1. Being out of season. There is an invisible rhythm to life and leadership and to be out of season is to be vulnerable. Many leaders stay too long on the job. Just think of Brett Favre.

2. Surrendering to bitterness. Under pressure, unresolved wounds surface. When Richard Nixon, a brilliant man, was faced with impeachment, he pounded the floor of the Oval Office complaining about how he was treated in high school. He allowed bitterness to deform his soul.

3. Reversing gender roles. Mansfield confessed he was walking on egg shells here. But women are about context, while men are about direction.
"Women are superior in every area of aptitude except two, abstract thought and aggression," he said. As Goethe commented, girls we love for what they are; men we love for what they promise to be.

4. Living isolated. I thought this described all politicians and most leaders.  Driven by hurt, guilt and grief, it kills great leadership and then kills the leader.

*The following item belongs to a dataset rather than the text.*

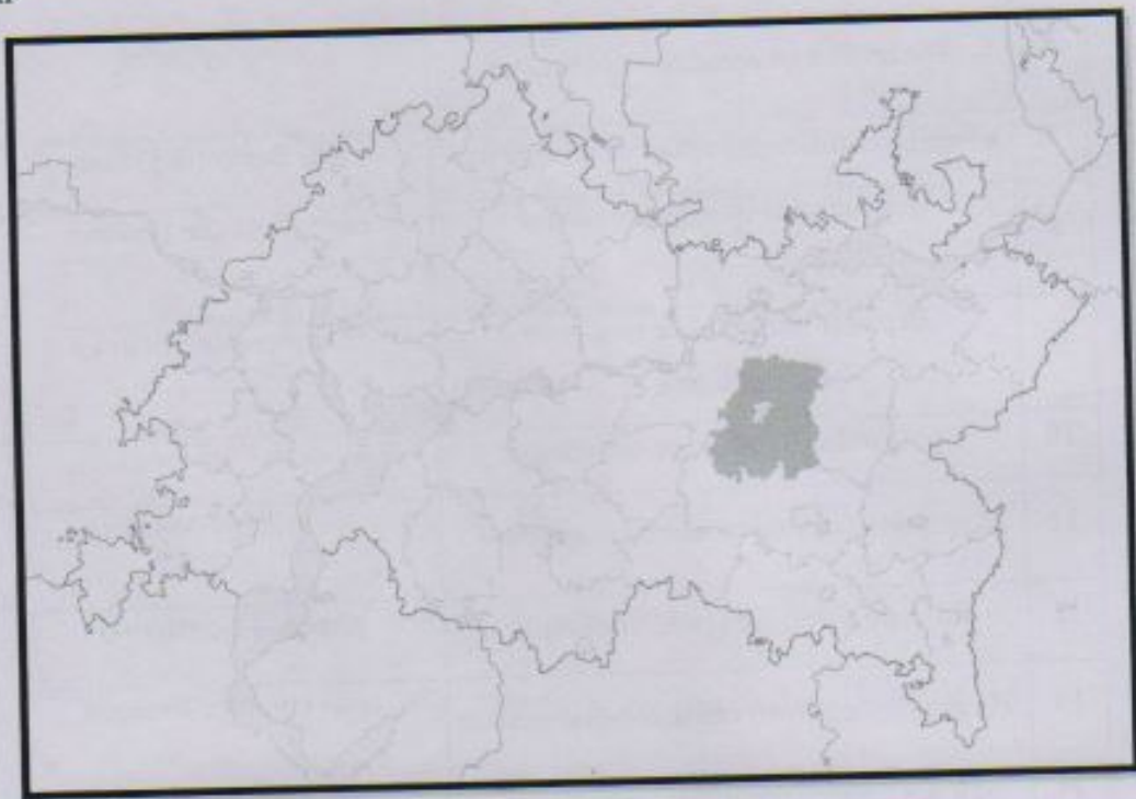
Рисунок 1 – Расположение Заинского муниципального района на территории Республики Татарстан

В Заинском районе – 1 городское и 22 сельских поселений, которые включают в себя 86 населенных пунктов – их перечень приведен в Таблице 1.

5. Losing trusted friends. Look at Tiger Woods after his father died. Only the devoted friends who do not fear you will keep you whole. His
buddies like Michael jordan and Charles Barkley led him astray, Mansfield remarked.

6. Perpetuating an image. Meaningful branding comes from a wise blend of vision, values and reality. Before he crashed, the Rev. Jim Bakker
recalled he had to raise $2 million every two days just to stay alive.

7. Refusing confrontation. We do not see ourselves accurately except through the feedback of others. Confrontation guards the soul and elevates performance. Sadly for Joe Paterno, Jerry Sandusky said no one ever confronted him about child abuse. "If you allow small explosions, you will prevent the big explosions from happening," Mansfield said.

8. Building a third world. Most leaders know two worlds, work and home. Bill Clinton allowed a third world to emerge in the White House between
work and home.

9. Forgetting fun. Leadership presses the leader into a one-dimensional life. Push back, Mansfield declared. He explained that when Winston
Churchill was rejected by the British political establishment, he took up painting and brick-laying and built a beautiful country home, Chartwell, with his own hands.

10. Serving the schedule. A schedule should serve a purpose. When it comes a purpose of its own, a crash is imminent. "If you don't know why
you are doing it, you lose the poetry," Mansfield warned.